Dominic too was dressed in finery, in his case black velvet trimmed with the blue and white of the royal coat of arms, and he wore a heavy gold chain around his neck. But Nimrod, who had come to Yurt as a huntsman and was much too tall to wear anyone else’s clothes, was still dressed in rough green. But with a newly-trimmed beard and a sober face, he still managed to look more dignified than most of the court.

Several of the knights of Yurt seemed to have decided that they too might have a chance with Diana, for they had put on their best and were laughing and teasing each other. But Dominic was absolutely serious, and a deep frown quickly silenced the knights. He seemed, I thought, much sulkier than anyone should who would be getting married in half an hour. He beckoned to the duchess with a massive hand, and she came quietly to stand before him.

“The purity of the kingdom depends on the purity of its women,” he announced in a deep voice.

Joachim startled me by saying, “And the same is true of its men.”

“A kingdom is not merely a piece of land,” the regent continued, “or a political unit, but a group of people, who are both guarded and guided by their aristocracy.”

Diana’s cheeks reddened slightly as she listened. Those who had stayed behind at the castle had received, I was sure, a highly speculative but nonetheless detailed version of what had actually happened that night on the plateau.

I tried to contemplate, difficult as it was, Dominic and Diana actually married to each other. The regent had maneuvered her into this position, of having to marry to preserve her honor, but she had been willing to be maneuvered. I still didn’t know what her intentions had originally been toward Prince Ascelin, but now that she had-quite wrongly, I thought-decided he was a coward, she would certainly not marry him. But she would now have the household she had decided she wanted when she hired Evrard, and she and Dominic could live in her castle on her rents.

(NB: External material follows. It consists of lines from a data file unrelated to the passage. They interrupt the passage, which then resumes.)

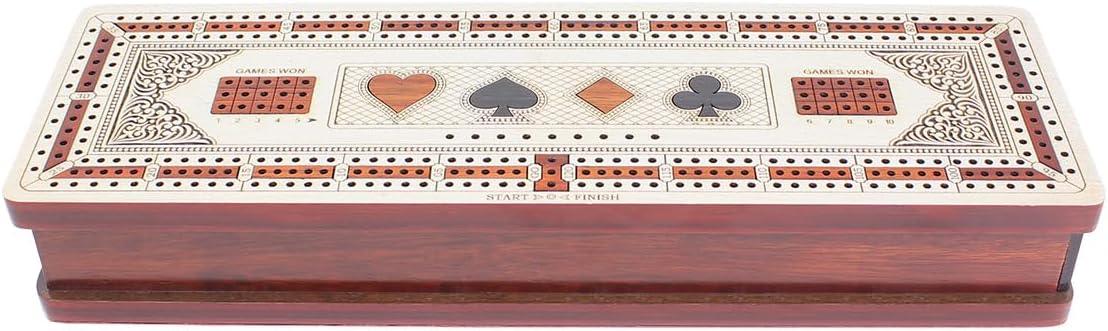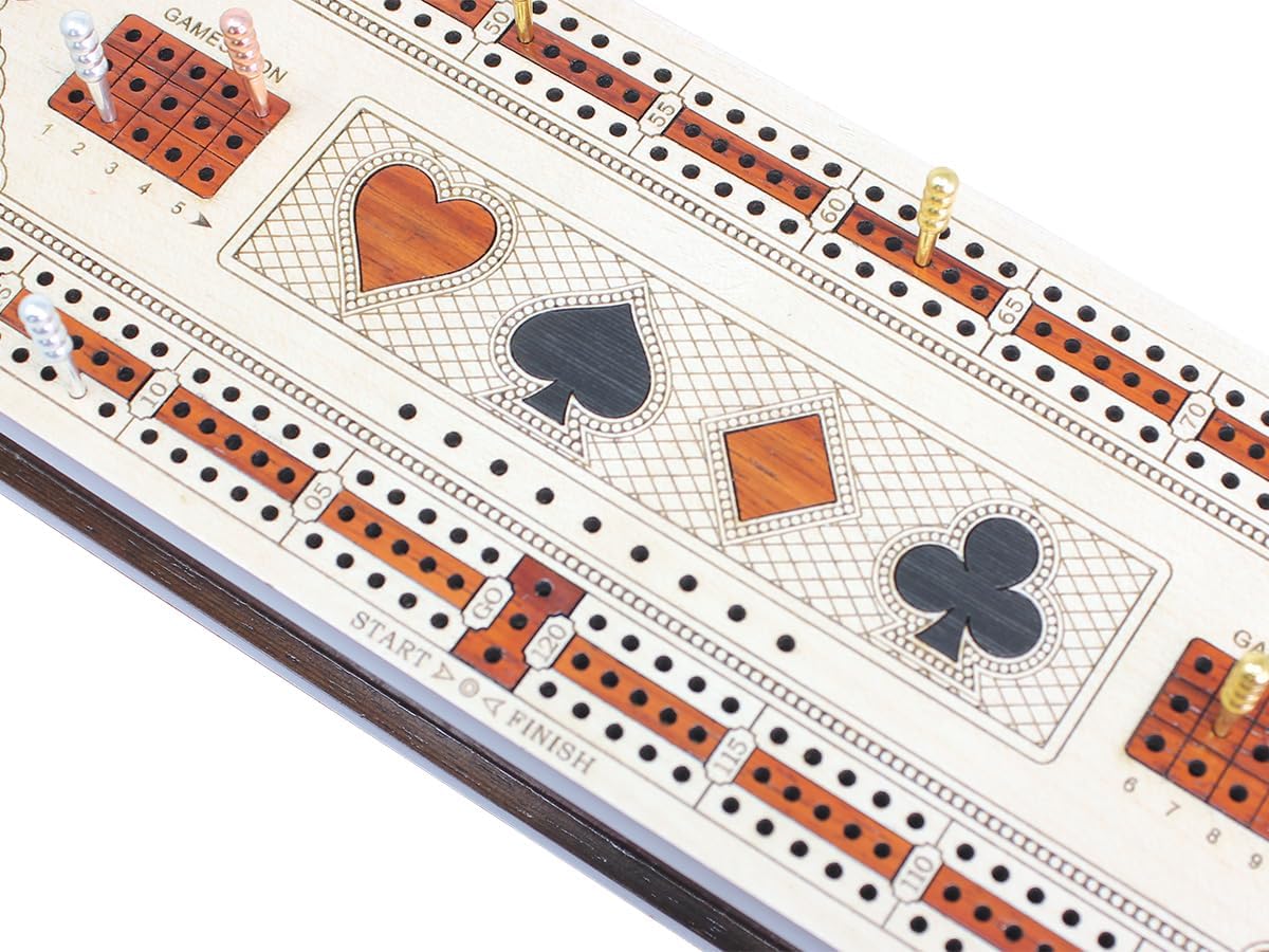 House of Cribbage presents 3 tracks (120 Points) continuous Cribbage Board made for up to 3 players. The board/Box measures 12.5in x 4in x 2in.You can store one deck of poker or bridge cards in the side drawer of this board along with 9 metal pegs.There are 9 slots in the drawer and each slot can store one peg. The magnetic lock on the back of the drawer holds the drawer tightly when it is in the closed position. The pull-out drawer has a brass knob specially designed for strong gripping.The complete board/box has three coats of catalyzed lacquer in a satin finish that provides protection from spills and general wear and tear. Nine brass crib pegs (3 Gold, 3 Silver, and 3 Copper plated) are provided with the board.The handmade cribbage board has been inlaid in Maple wood and Blood Wood. Outer 2 tracks are carved out of Maple wood and the inner track is made of bloodwood. The numbers on the tracks are also engraved and not painted..Playing cards symbol suit has been inlaid on the middle of the board along with games won points. The bottom of the box has a scratch deterrent maroon velvet felt pad which protects the box from scratches and enhances the stability of the board.A free Drawstring velvet bag is also provided to protect the board.We do not use any screen prints or paints to create numbers or tracks on the cribbage board. Designed and crafted by Pleasant Times Industries. All designs, images, concepts, and content are copyrighted and owned by Pleasant Times Industries.Note - Playing cards are not included along with the Cribbage Board.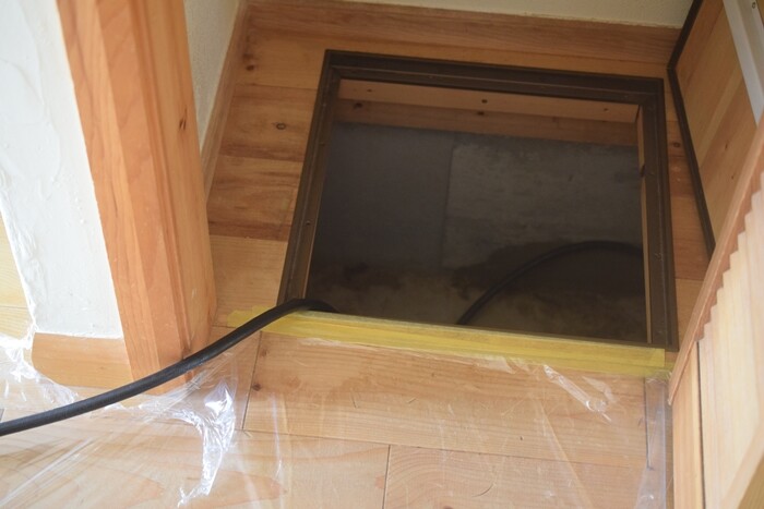 床下点検口から床下全体に薬剤を散布していただきました✨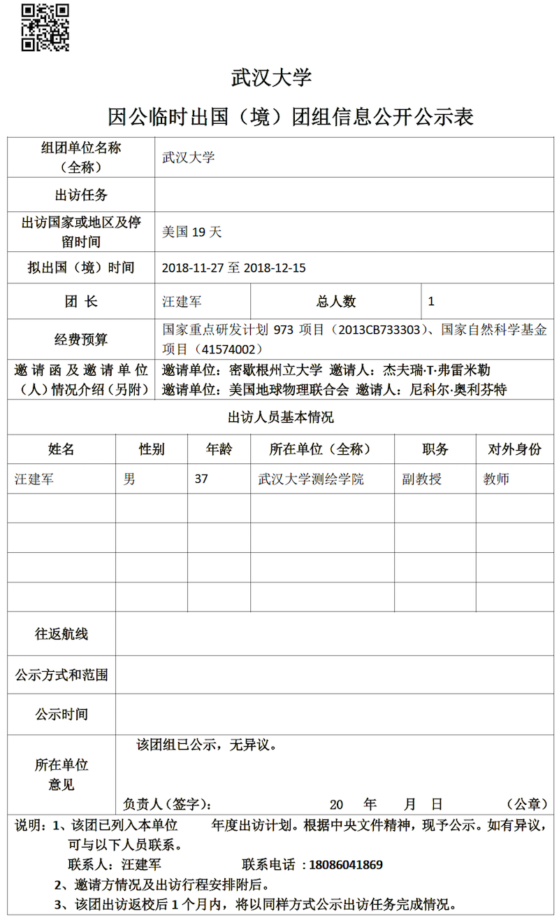 因公临时出国(境)信息公示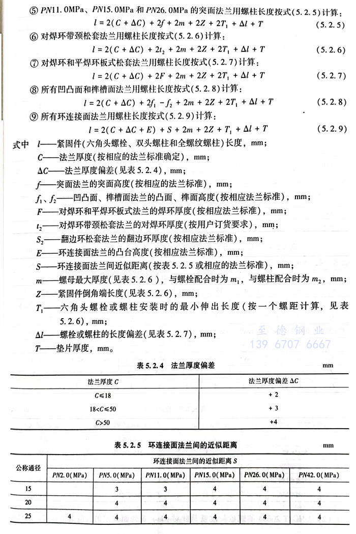 ④. PN15.0MPa和PN26.0MPa以外的突面(mian)法蘭用螺柱(zhu)長度按式(shi)5.2.4)計算。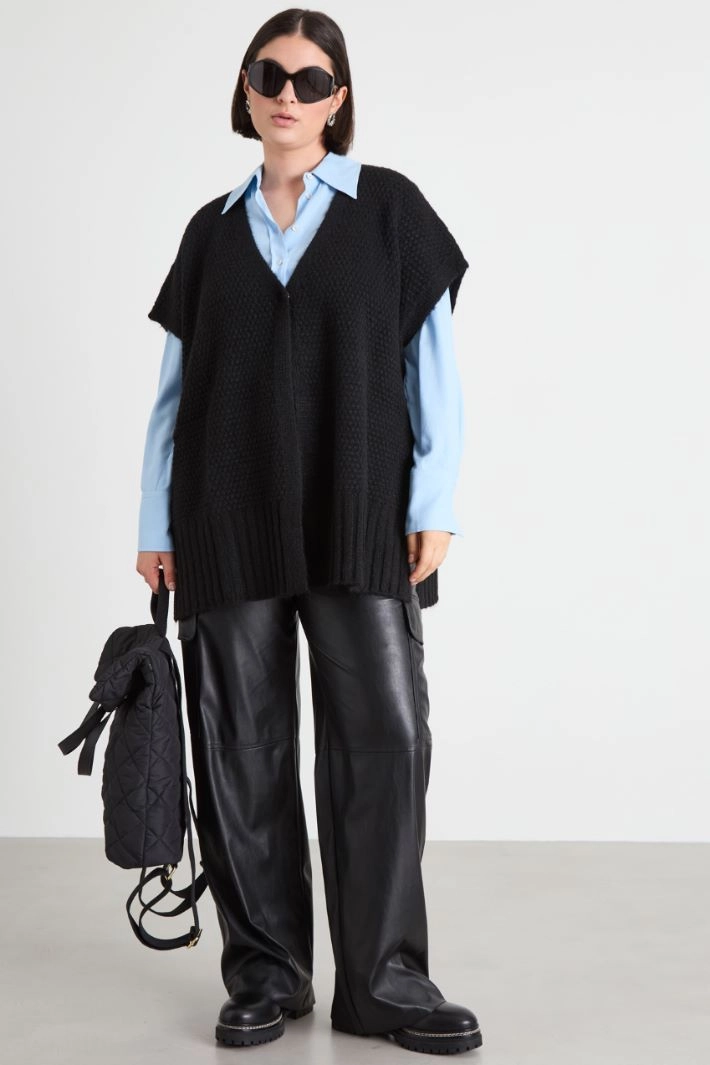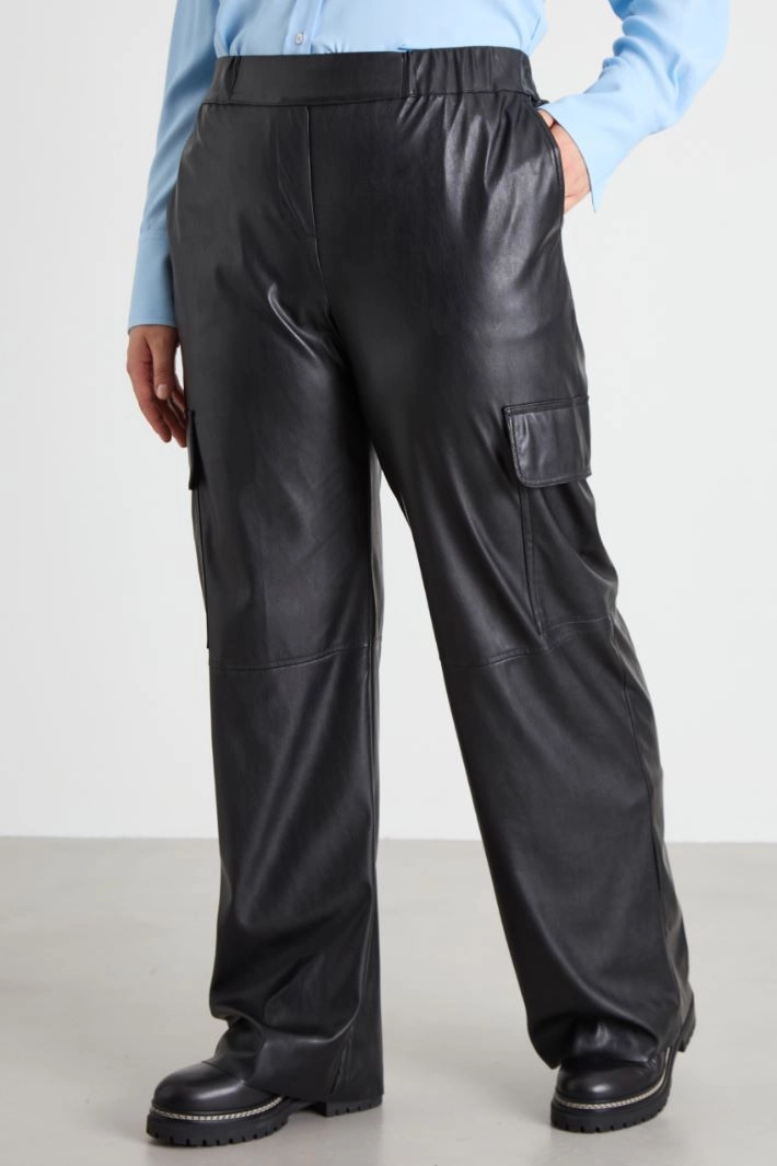 Pantalón recto realizado en punto de piel sintética, con cinturilla elástica, bolsillos franceses y bolsillos de parche con solapa a lo largo de la pierna.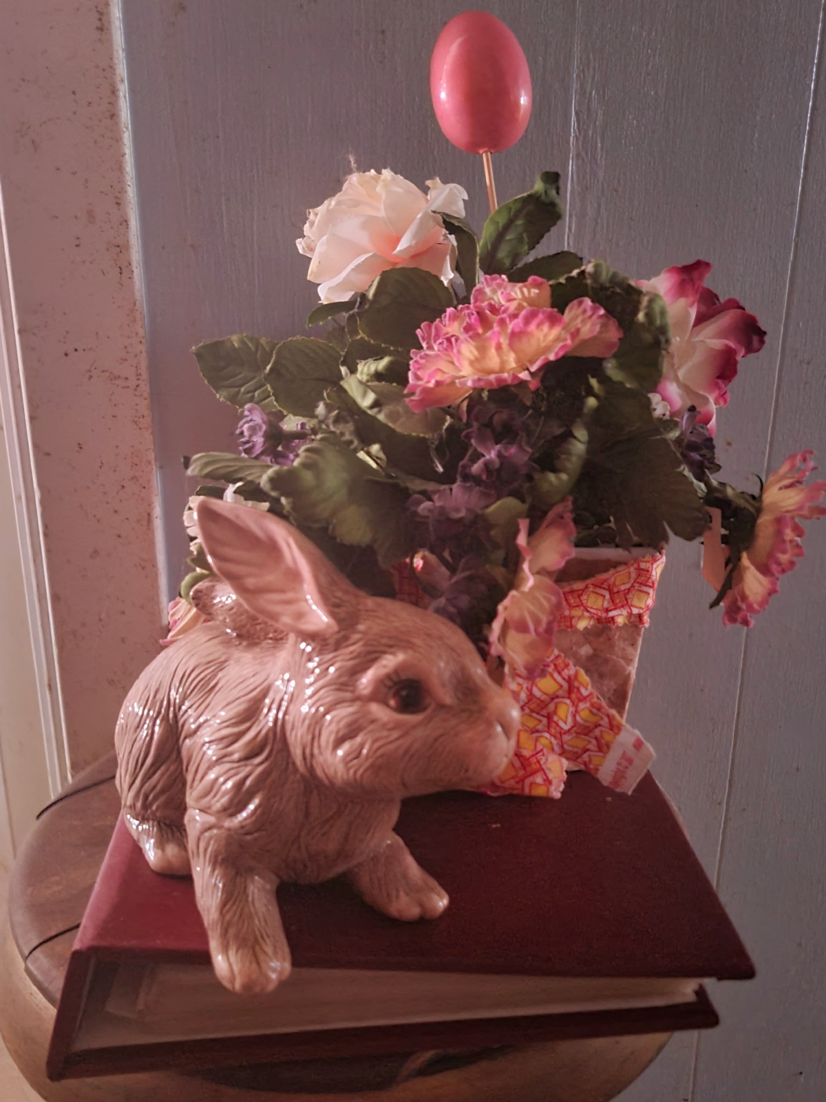 My basket of ceramic eggs is made from an old gift box that I covered in coffee stained torn coffee filters. Then torn in strips and glued on to look like a woven basket. Tied with fabric bow. Filled it with grass and eggs and a cute rabbit.

“Therefore,” Dominic continued, “any suggestion, any rumor, of impurity by one of its leading women must be rectified at once.” He paused briefly, as though overcome at the last moment with reluctance. But he thrust out his chin and continued. “My lady, you have already agreed that certain of your activities have become sources of scandal, and that only marriage, immediate marriage, will wipe this scandal away. Do you still agree?”